Панкратов перехватил его руку, потянувшуюся за камнем:

– Так пойдите в поле и найдите себе шпат!

– Зачем? У вас он уже есть. Кто на него тут смотрит, какую пользу он приносит обществу? А в музее его положат под витрину, подпишут как надо, и так и на латыни. Народ, ходи, образовывайся!

– Уберите руку от моего шпата, – Панкратов уже обозлился.

– Вы знаете Зуева?

– Нет. Кто такой Зуев?

– Не важно. Он не спортсмен, а я спортсмен. Так вот у него не было против меня никаких шансов. И вы не тоже спортсмен, и тоже против меня ничто, я вас в скручу в бараний рог, если что. Позвольте мне забрать камень. Мы в музее припишем – пожертвовал такой-то. Я прослежу, чтобы вас указали.

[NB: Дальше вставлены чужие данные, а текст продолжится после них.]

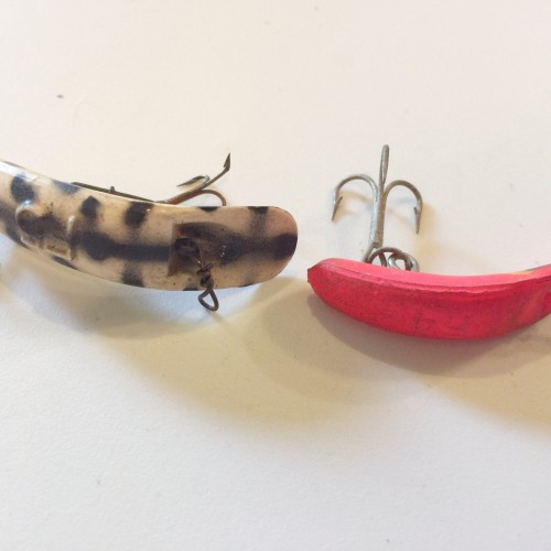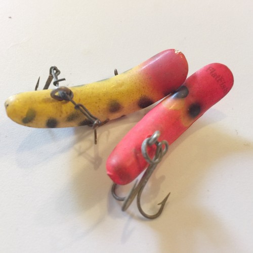 Helin Flatfish Fly Size Lot of Two! F4 and F5. Great little lures here. Awesome to collect. Very tiny. Used but in good shape, see photos. F4 is the orange one.

На улице Заквасина стоит коммерческий ларек. Ничего там больше нет, только кусты, закрытые ржавые гаражи под снос, и этот киоск, с вековыми батончиками и отсыревшими пачками сигарет за витриной. Во время гонений на лишайники, работал там Иван Зуев, частный предприниматель. Начал деятельность свою он с того, что нашел яблоко, вытер об рубашку, продал яблоко, и так постепенно обзавелся торговым ларьком. И к нему повадился ходить Намахов, покупать в обеденный перерыв пакетик соку с соломинкой. Через весь город добирался. У Зуева, дескать, сок особый, такого вкусного нигде более в Киеве не сыщешь.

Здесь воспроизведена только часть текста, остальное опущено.